Glioblastoma is the most aggressive brain cancer. Each year it causes more than 200,000 deaths worldwide and the average life expectancy of patients is less than two years. This cancer gives few life options to patients who suffer from it, points out Nabil Hajji, from Imperial College London, UK, whose team seems to have found a new approach not only to increase life expectancy, but also to cure patients.
The strategy seems simple: starve tumor cells.
The researchers have used a drug -ADI-PEG20- capable of degrading arginine in the blood of the systemic circulation. Arginine, he explains, “is a semi-essential amino acid that is normally
found in the diet, but required by a variety of cancer cells, especially those that grow rapidly; Thus, depriving tumors of this amino acid has been explored as a possible anticancer strategy in a variety of tumor typesincluding glioblastoma.
Our study, published in the “Journal Of Clinical Investigation”, in which researchers from the University of Seville have also participated, used this drug with the aim of depriving tumors of arginine and reducing their growth, thus overcoming the difficulties that represents the blood-brain barrier.
In preclinical trials, notes Nabil Hajji, the use of the drug in combination with radiotherapy, «has been able to completely eliminate the brain tumor». This effect, he explains, is due «mainly to the reactivation of the immune system, especially microglial cells».
Microglia are the resident macrophage population of the central nervous system (CNS) and one of their most representative functions is their phagocytic activity (which means ‘eat cells‘), presenting an effective role in cleaning normally damaged cell debris and preventing inflammation in brain tissue.
It is known, explains this researcher, that in glioblastomas the microglia infiltrate and together form a large part of the tumor microenvironment that contributes up to 30% of the tumor mass. “The question we had before starting this research was why can’t microglia attack the tumor by exerting their phagocytic activity?”
In their work, by depriving arginine from the systemic blood as a pretreatment, “we have managed to change the polarity of the microglia to an antitumor inflammatory phenotype with a very high phagocytic capacity. The use of radiotherapy then manages to cure animals with aggressive and terminal brain tumors with total survival of all treated animals and no apparent toxicity.’
The researchers have already designed a phase I clinical trial to test their results.
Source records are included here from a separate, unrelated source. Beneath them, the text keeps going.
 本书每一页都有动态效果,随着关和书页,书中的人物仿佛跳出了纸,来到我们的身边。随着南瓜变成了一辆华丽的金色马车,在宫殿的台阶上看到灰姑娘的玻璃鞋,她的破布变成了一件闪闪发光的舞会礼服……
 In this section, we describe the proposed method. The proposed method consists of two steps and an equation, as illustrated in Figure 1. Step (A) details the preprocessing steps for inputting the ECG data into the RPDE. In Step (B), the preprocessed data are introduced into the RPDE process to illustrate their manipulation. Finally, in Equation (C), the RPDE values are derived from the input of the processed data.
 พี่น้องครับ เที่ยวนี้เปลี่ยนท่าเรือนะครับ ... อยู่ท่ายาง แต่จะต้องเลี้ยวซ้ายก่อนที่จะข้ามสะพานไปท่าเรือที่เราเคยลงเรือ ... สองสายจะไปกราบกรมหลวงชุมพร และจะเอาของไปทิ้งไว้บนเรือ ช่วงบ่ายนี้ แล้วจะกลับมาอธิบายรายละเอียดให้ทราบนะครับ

However, there is already a clinical trial with a small number of patients (32) with glioblastoma that examined the use of the same drug, “and its results are very promising and without toxic side effects.”
The drug used in turn regulates the metabolism of arginine and takes advantage of the most common epigenetic alterations in patients with glioblastoma to increase sensitivity to conventional treatments.
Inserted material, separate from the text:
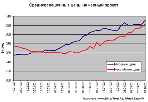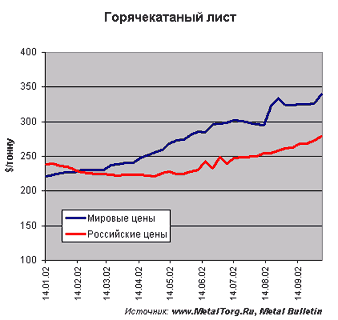 Причина столь небольшого повышения кроется и в ограниченном экспорте (наличие квот и низкое качество отечественного проката), и в стагнации спроса в России, например, в машиностроении. Не стоит забывать и об излюбленном, уже известном, приеме «запада»: вытеснить экспортную продукцию в сторону сырья и полуфабрикатов низкого передела. Так, в январе 2002 года Европейский Союз ввел запретительные квоты на импорт современного легированного бором проката из России, что снизило соответствующие поставки в 2-3 раза.
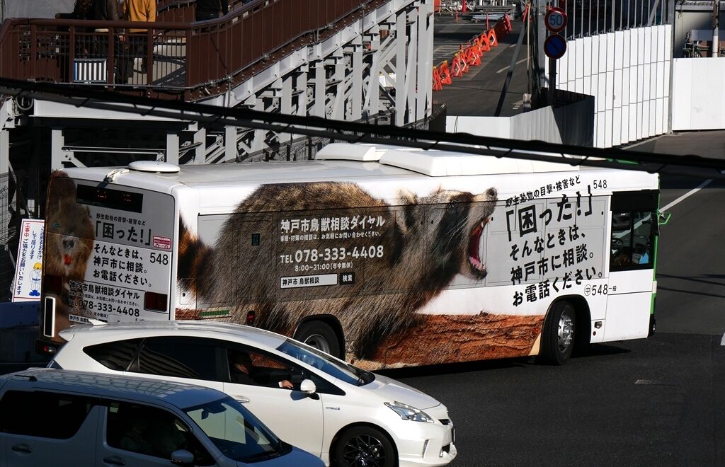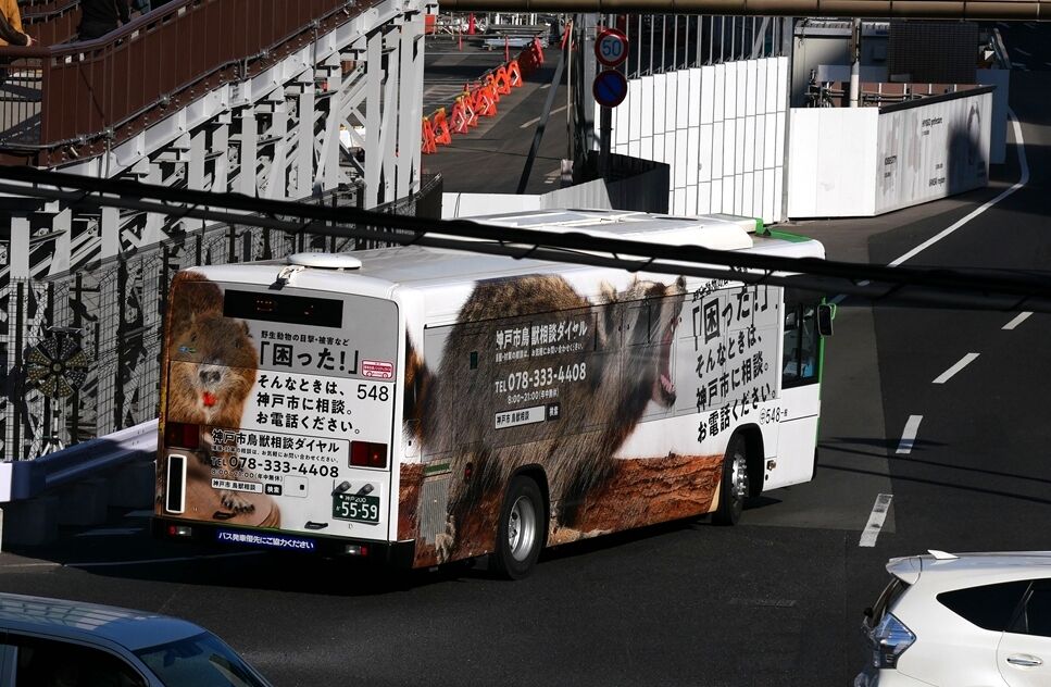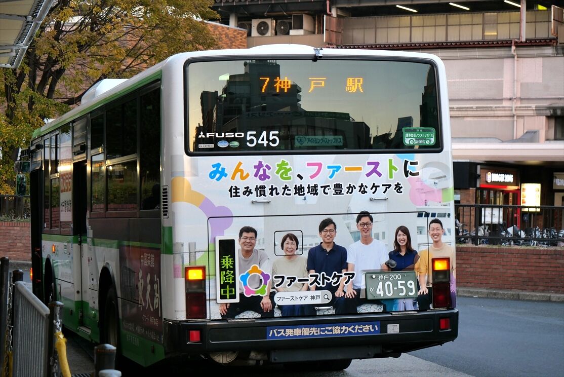 基本的に西神のと同じデザインですが、最近神戸市バスでは前方もラッピングされることになったので、この車両もデザイン拡大しています

Because unfortunately, he comments, today the survival of patients can only be improved with the advances made, but they are not enough.
“Many preclinical studies look promising; but when they are applied or tested in the clinic, they don’t work”, recognizes the researcher for whom the future passes through precision medicine.
“Identifying the genetic, epigenetic and metabolic abnormalities of the tumors and of each patient together with bioinformatics will help to understand this type of cancer and finally select the appropriate and personalized treatment regimen for each patient,” he points out.
In this sense, he states, «at KeyZell, a biotechnological startup of which I am a co-founder, we are working on an innovative tool assisted by Artificial Intelligence, called Oncology Precisión System, which is capable of, based on a large amount of input data (such as genomic information, clinical history and approved treatments) recognizing patterns to offer a diagnostic value or a prognostic value and to be able to personalize a treatment or a combination of drugs for each patient. This system created from KeyZell aims to be the future of precision medicine in oncology.”
And he adds that, in the long term, “it is important to highlight that the future in the treatment of glioblastoma lies in non-invasive therapies, such as focused ultrasound (FUS), which is a non-invasive therapeutic technology with the potential to improve the treatment of glioblastoma. glioblastoma”, which is already “being applied in clinical trials and has been used for pediatric brain cancer with good results and will soon be generalized for adults. This approach uses lower levels of energy to break the blood-brain barrier and can transiently open the blood-brain barrier to chemotherapy, allowing efficient treatment of glioblastoma tumors.».